Note:  If you are faced with a similar situation, take proper advice before acting – the procedures prescribed in the Act need to be followed closely.

 

LEARNER DRIVERS – TOUGH REGULATIONS LOOM

 

If you don’t yet have a driver’s licence (and if you do, pass this warning on to any friends or family without one), apply as soon as you can.

Proposed new Road Traffic Regulations – which could be implemented any time now – will radically toughen up the rules applying to provisional licence holders.  The draft regulations may or may not be amended before they come into effect, and they will be welcomed by law-abiding drivers sick and tired of our high traffic accident rates.

 

 But they won’t be easy on you if you don’t already hold a licence -

  • You will have to hold your provisional licence status for a probationary period of a year.

  • You face 2 years’ suspension if during your probation you

                Drive between midnight and 4 a.m., or

                Commit 6 “traffic related offences”, or

                Commit any one of a range of other offences, such as speeding (just one speeding offence will be enough

                 to keep you off the road for 2 years!), drunk driving, or overloading.

                Fail to complete a provisional driving licence logbook recording all trips undertaken with a minimum of 60

                 hours.

 

ALL COMPANIES NOTE: NEW RULES FOR REGISTERED OFFICES

 

Directors and company secretaries need to know that CIPC (the Companies and Intellectual Property Commission) has recommended that all companies – existing and new - ensure that their registered office is recorded as “the address where the administrative business of the company is conducted or, should they have more than one office, their principal office”. The common practice of using “an address for convenience” – normally the auditors’ address – should be discontinued.

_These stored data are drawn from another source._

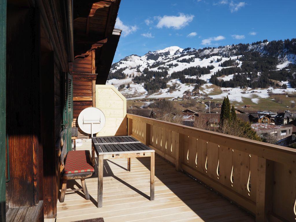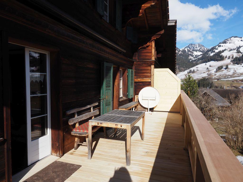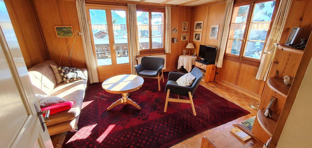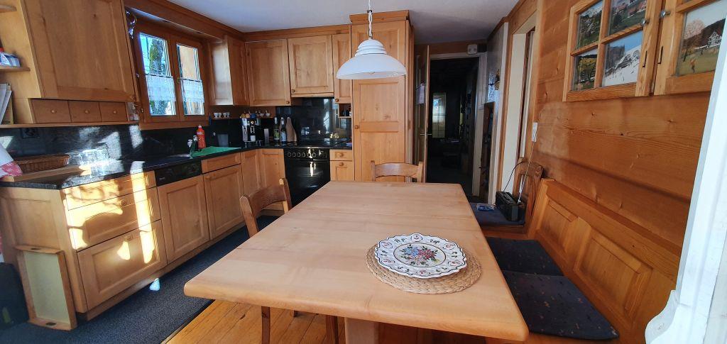 5-Zimmerwohnung (100m2) in einem heimeligen Chalet in Zentrumsnähe von Zweisimmen. 7 Gehminuten zum Bahnhof oder der Gondelbahn Rinderberg.  Ruhige und sonnige Lage. Der Aussensitzplatz direkt vor der Küche und der grosse Balkon bieten einen schönen Ausblick ins Tal und auf die Berge. Der Parkplatz ist direkt vor dem Haus. Die Waschmaschine (CHF 5.00) und der Wäschetrockner stehen zur gemeinschaftlichen Benutzung zur Verfügung.
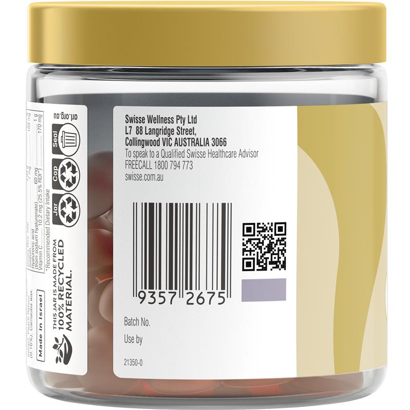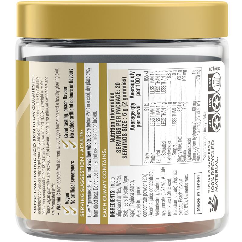 使用 Swisse Beauty 透明质酸亮肤软糖,开启焕发光彩的甜蜜之旅。这款软糖蕴含来自西印度樱桃的维生素 C,有助于促进胶原蛋白的正常生成,令肌肤健康亮丽。蕴含怡人的蜜桃口味,99% 无糖,是您日常美容的完美伴侣。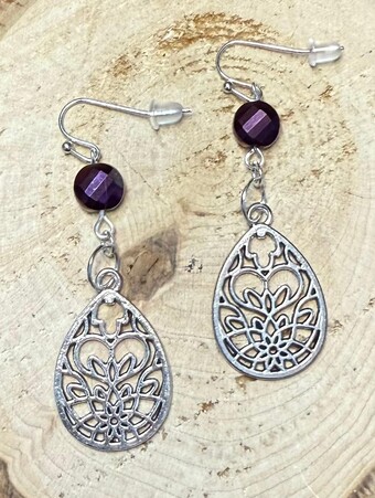 ![]() | Item #: 1005947 Click on image to see more pictures! A Boho style teardrop lotus silver metal alloy charm topped with a glass faceted plum color bead. Made with nickel free earring hooks. Measurement Questions? Price: 14.00 |

This follows a High Court decision to the effect that, due to differences between the old and new Companies Acts, a company’s “registered address” must now be the same as its “principal office”.  Previously it was quite possible for a company to have two totally separate addresses, namely a “registered address” and a different “main place of business” (often referred to as the “principal place of business”)  

 

No longer!

In the case in question, a dispute arose as to which Court had jurisdiction over a company subject to liquidation and business rescue applications.  It was in the end found to fall under the sole jurisdiction of the Western Cape High Court because the company’s “central administration”, books and records, banking account etc were all situated in Cape Town.

 

 

THE AUGUST WEBSITES:  APPS FOR EVERYTHING (AND HOW TO CHOOSE THEM!)

 

Smartphones, tablets, mobile devices.  They are the future of the Internet, and the exponential growth in the number of businesses and individuals using them means that - very shortly - that future will be here.  You need to be part of it!

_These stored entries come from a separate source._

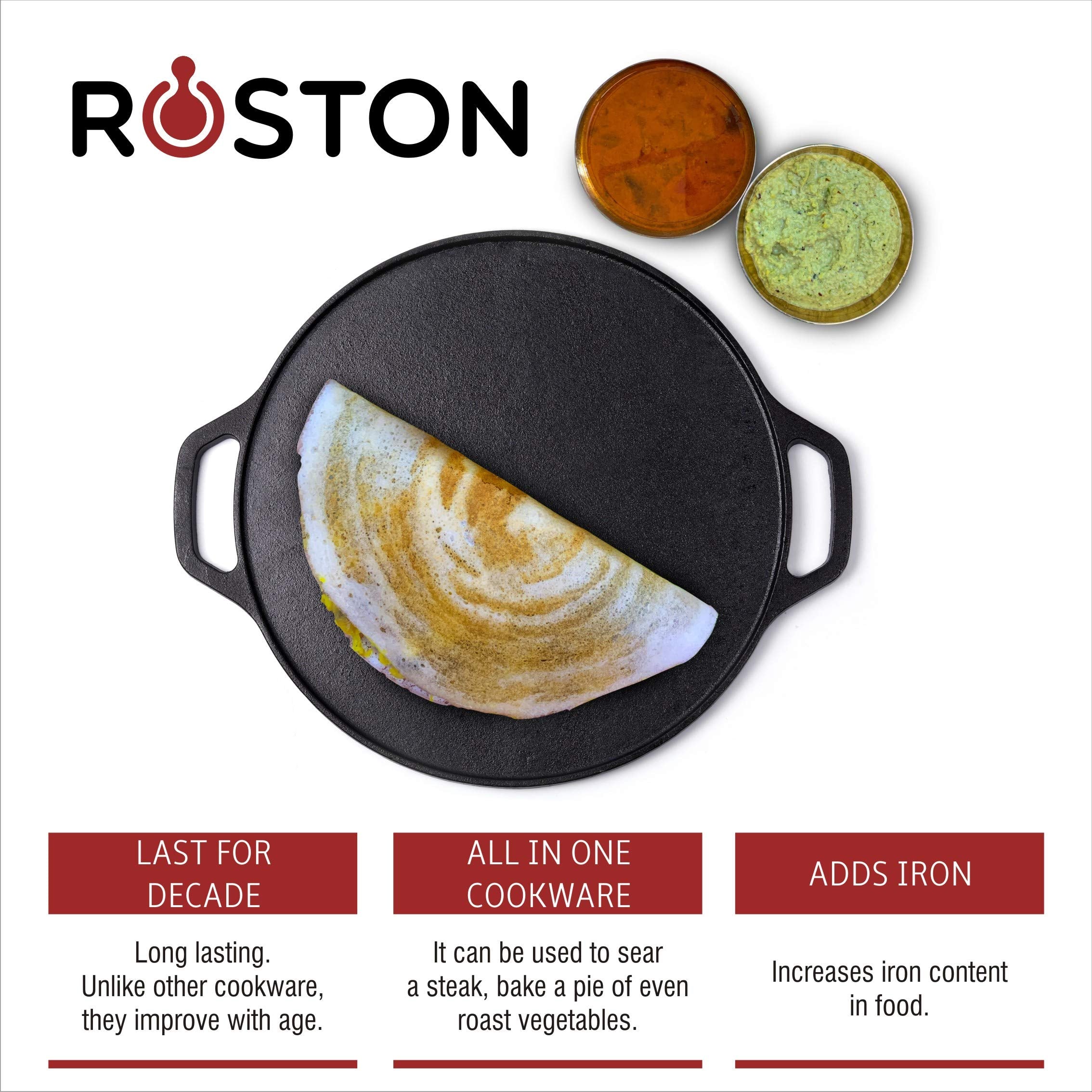Details: Perfect for daily usages The cast iron construction of the pan makes it absolutely easy to maintain and handle. This adds an authentic Indian flavour to your breads and similar preparations such as dosa, uttapam, paranthas, chillas and rotis .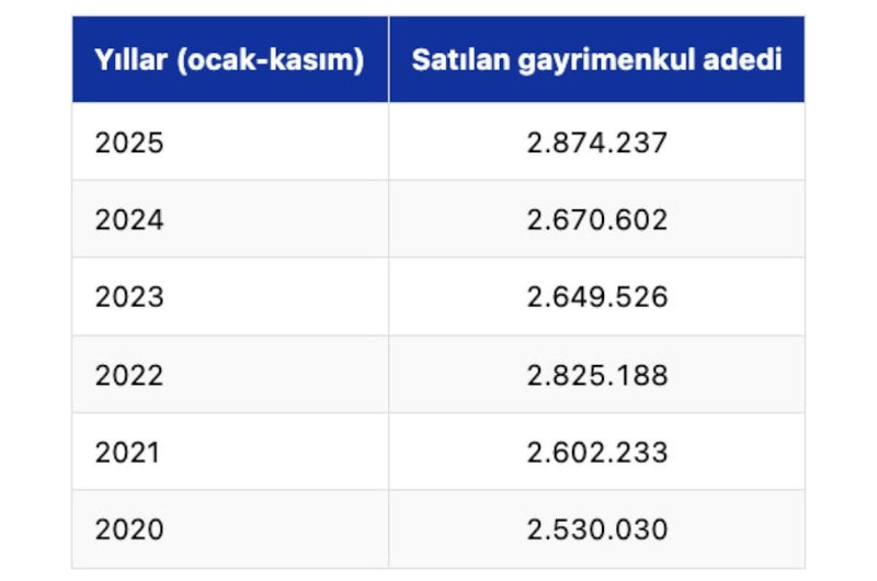 Ülke genelinde 2020-2025 yılları ocak-kasım dönemleri dikkate alındığında satılan gayrimenkul adetleri şöyle: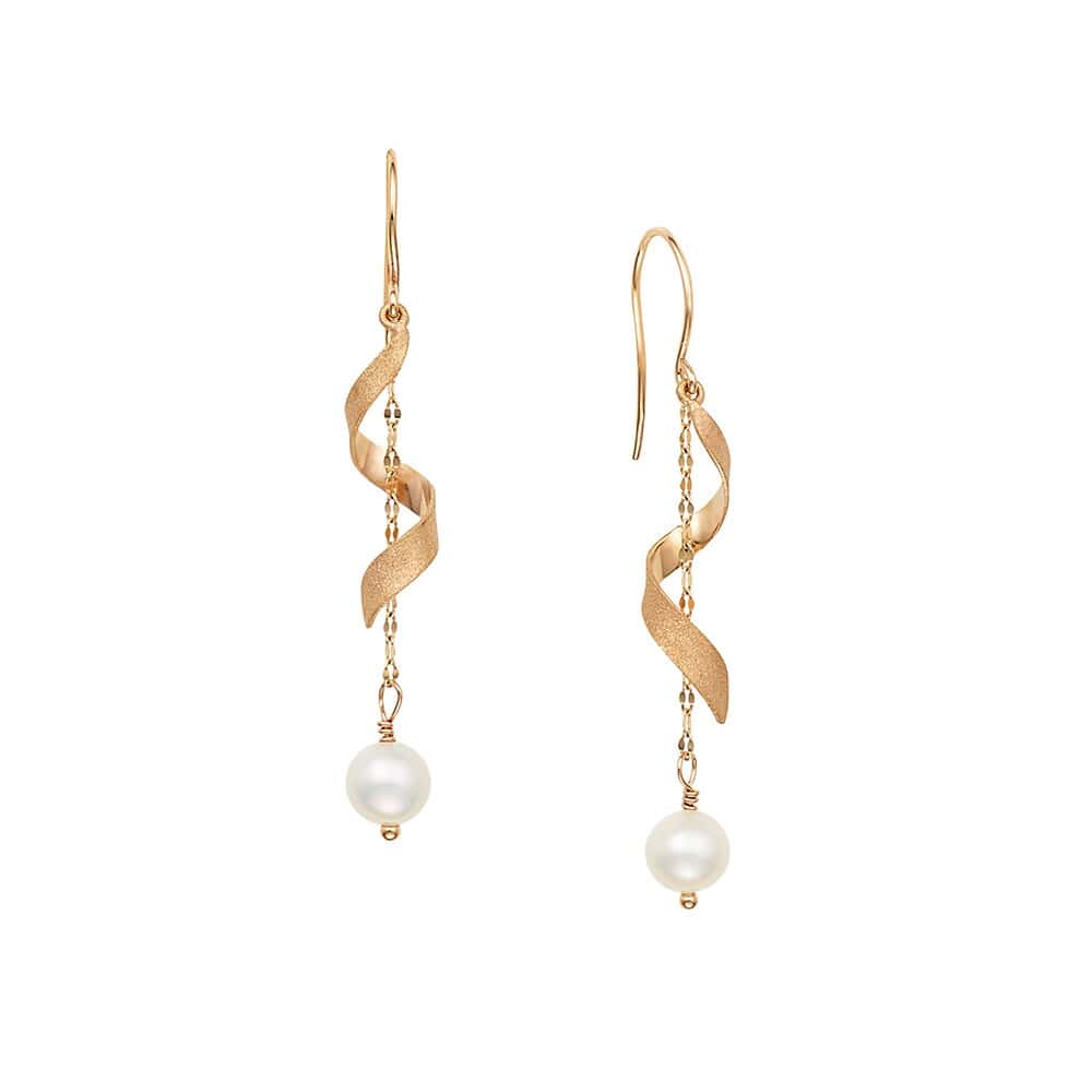 ツイストしたモチーフとパールが揺れるたびに顔回りを華やかにしてくれます。パール、チェーン、モチーフ3種の動きが美しいピアスです。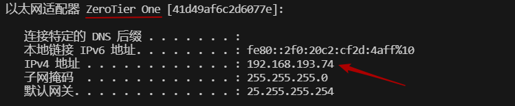 输入ipconfig查询分配的IP

And once you are the proud owner of your new device, you really are losing out if you don’t have a lot of apps installed on it.  The beauty is that you choose only those apps that are useful for you.  There are apps for just about everything you can think of out there, literally now hundreds of thousands of them – many of them free.

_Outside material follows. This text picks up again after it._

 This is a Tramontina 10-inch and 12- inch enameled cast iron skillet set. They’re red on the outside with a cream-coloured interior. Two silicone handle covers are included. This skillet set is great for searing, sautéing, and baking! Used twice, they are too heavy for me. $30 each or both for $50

And as the list of new apps grows daily, your challenge is in navigating this Aladdin’s Cave to find the best and most useful of them for your particular needs.

A good place to start is the MakeUseOf blog at www.makeuseof.com.  Hover over the “Best of Apps” tab at the top and choose your device.

Then there’s the Gizmodo blog – choose whichever of these pages applies to your device -

   http://gizmodo.com/5739420/the-best-android-apps

   http://gizmodo.com/5747915/the-best-ipad-apps

   http://gizmodo.com/5676549/the-best-iphone-apps

Tip:  Before you download any new app, check how often it has been downloaded and read the reviews.  As a rule of thumb, the more popular an app is the better it is.  And take note of any negative reviews as well as positive ones - there are rogue apps out there you definitely don’t want to touch for fear of spammy advertising or even malware.

Happy ‘Apping’ and have a great August!